What happens to the electrons during nuclear fusion? So recently I watched a Khan Academy video regarding the birth of a star. Now in order for a star (or proto-star) to be born, there must be nuclear fusion that happens between hydrogen atoms. My question is what happens to the electrons?? Sal never mentions them, only isotopes of hydrogen, and basically only focuses on the nucleus of the atom. Do the electrons even matter?
 A: Yes, electrons do matter: they are needed to maintain electric neutrality of the matter. Without them repulsive electrostatic forces between protons would not allow formation of dense objects. But the temperatures at which the nuclear fusion occurs are too high for individual atoms, instead electrons and protons become unbound forming fully ionized plasma. On average, the numbers of electrons and protons in such medium are the same, maintaining net electric neutrality.
In the Sun, during the proton-proton fusion two protons fuse into deuteron (a nucleus of deuterium containing one proton and one neutron) also producing a positron ($e^{+}$, an antiparticle counterpart of electron) and an electron neutrino: 
$$
{}^1_1 \mathrm{H} +{}^1_1 \mathrm{H}\to{}^2_1\mathrm{H} + e^{+} +\nu_e+0.42\,\text{MeV}.
$$
Positron subsequently almost immediately annihilates with one of the plasma electrons producing two gamma rays:
$$
e^{+}+e^{-}\to 2\gamma+1.02\,\text{MeV}.
$$
A: The electrons are present in the star's core, but no longer bound to any individual nuclei. Fusion depends on how nuclei collide with each other. By the time the nuclei (also called ions) have gotten close to each other before a potential fusion event, the electrons have relatively little influence. The electrons also have about 2000 times less mass and are moving much faster, so even when an individual electron does get close to an ion, it doesn't stay close for very long and doesn't impart much momentum compared to an ion vs. ion collision. 
So,  electron vs. ion interactions do affect some plasma waves and behaviors, but they can be ignored when considering individual fusion relevant collisions between ions. 
A: Stars are made of plasma, a state of matter in which the electrons almost "detach" from their nuclei and float around like "soup". I'm sure that more knowledgeable physicists than myself can tell you the exact description of this state, but essentially, the electrons play little to no role in the fusion within a star, but it is interesting to note that electrons prevent the collapse of white dwarf stars.

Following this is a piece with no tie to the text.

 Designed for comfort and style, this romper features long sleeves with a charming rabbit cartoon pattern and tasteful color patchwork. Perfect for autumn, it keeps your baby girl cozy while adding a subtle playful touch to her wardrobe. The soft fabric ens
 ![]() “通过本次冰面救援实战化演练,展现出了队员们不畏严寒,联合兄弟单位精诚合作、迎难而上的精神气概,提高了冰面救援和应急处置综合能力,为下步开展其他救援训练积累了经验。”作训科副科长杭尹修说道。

A: Nuclear fusion for star formation from plasma means that higher Z nuclei form, as seen  in the periodic table . Z counts the number of protons in a nucleus, and protons are positively charged. The electrons in the plasma soup of the protostar will pair up with the highly ionized nuclei to turn the whole atom neutral, i.e. no longer attracting electrons. As equal numbers of positive and negative charges exist in the primordial soup, the end effect is that as many positive charges exist as negative, joined into nuclei,  and the star is neutral over all.